**Supplied material:**

Segment Open

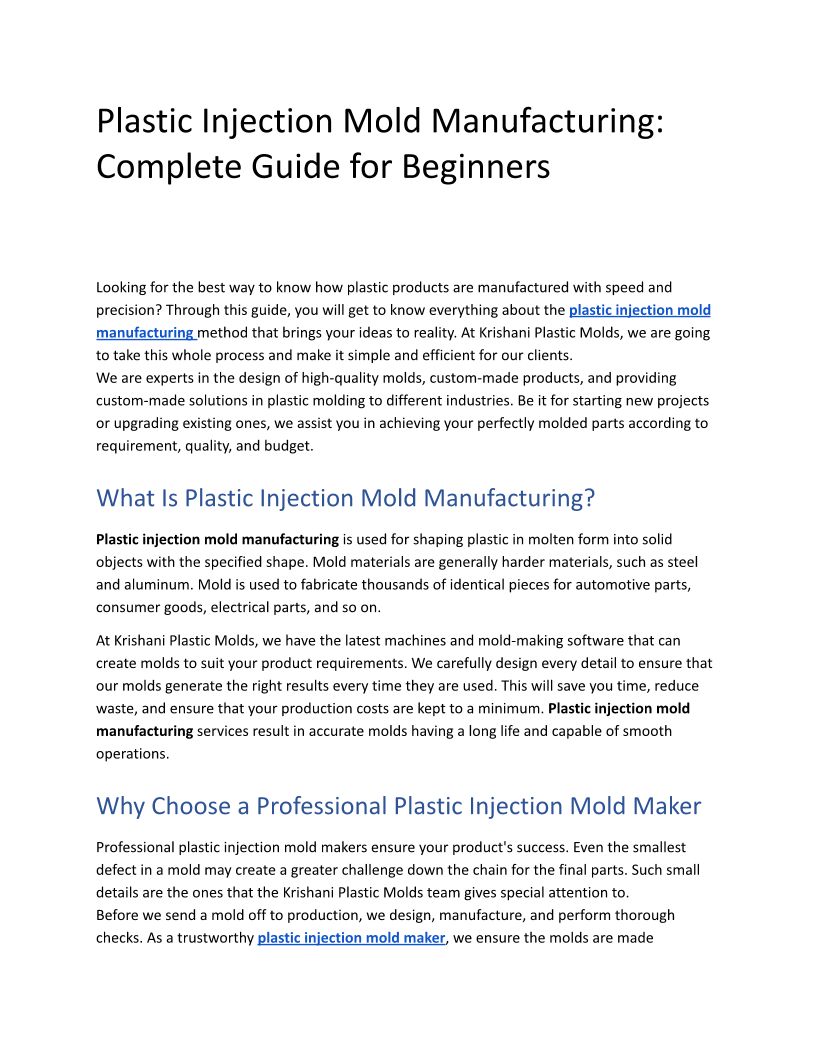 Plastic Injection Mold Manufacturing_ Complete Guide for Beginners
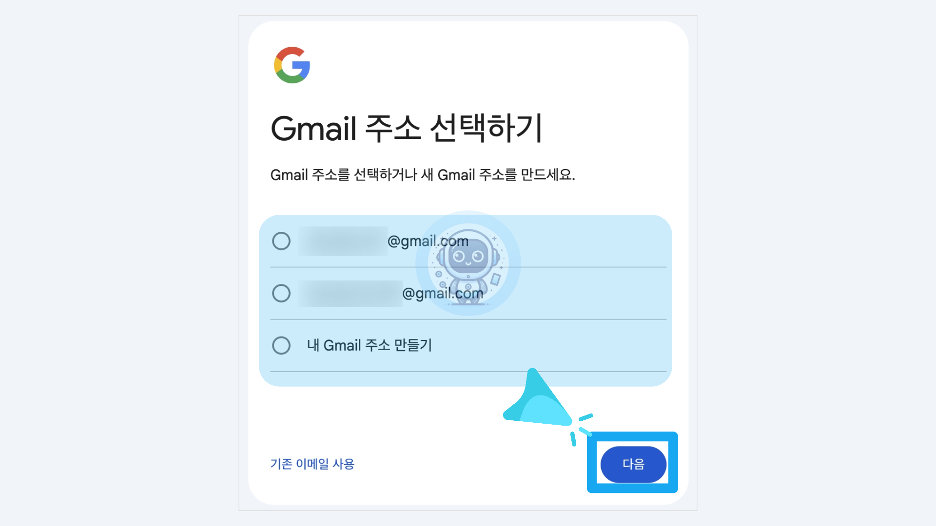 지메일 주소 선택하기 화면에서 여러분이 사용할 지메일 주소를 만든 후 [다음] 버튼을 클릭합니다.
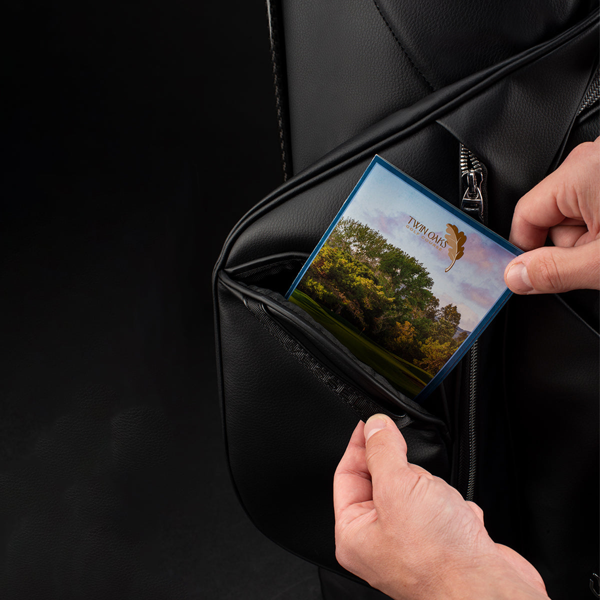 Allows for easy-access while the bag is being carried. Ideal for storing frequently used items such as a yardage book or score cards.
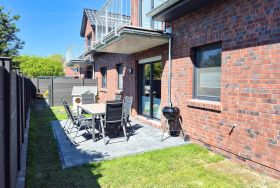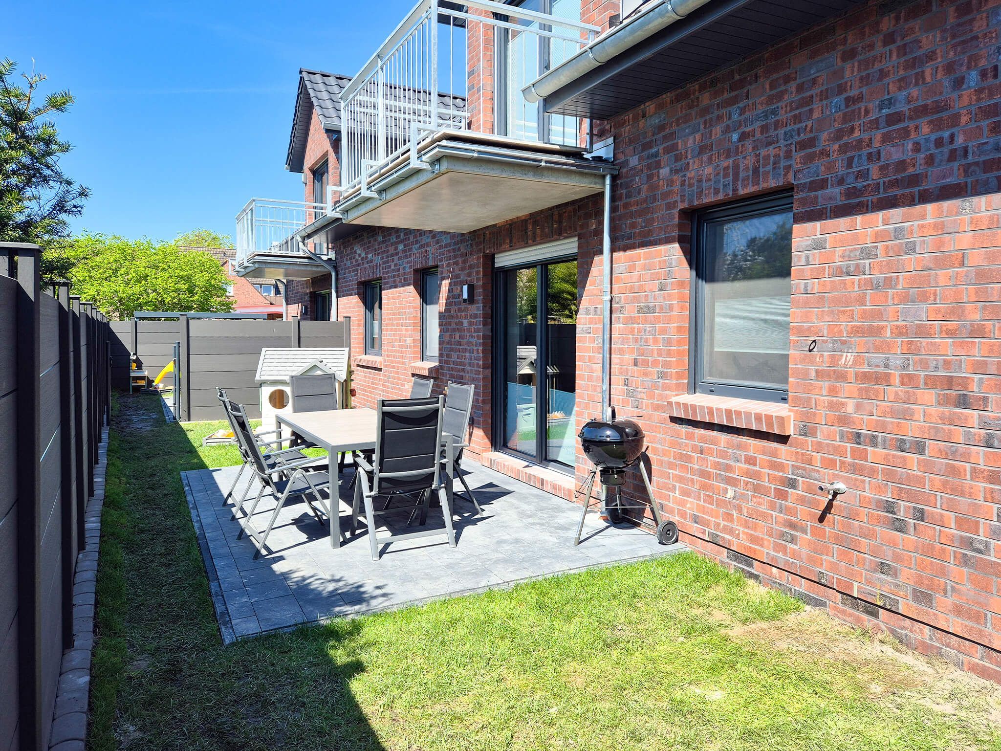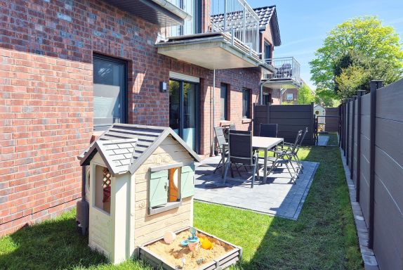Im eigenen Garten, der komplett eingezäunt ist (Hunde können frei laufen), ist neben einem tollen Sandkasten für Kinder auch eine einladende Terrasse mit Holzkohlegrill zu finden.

Segment Closed

**Task requirements:** What is needed is an exact copy of the data, without any pictures.

**Written reply:**
 Plastic Injection Mold Manufacturing_ Complete Guide for Beginners
 지메일 주소 선택하기 화면에서 여러분이 사용할 지메일 주소를 만든 후 [다음] 버튼을 클릭합니다.
 Allows for easy-access while the bag is being carried. Ideal for storing frequently used items such as a yardage book or score cards.
Im eigenen Garten, der komplett eingezäunt ist (Hunde können frei laufen), ist neben einem tollen Sandkasten für Kinder auch eine einladende Terrasse mit Holzkohlegrill zu finden.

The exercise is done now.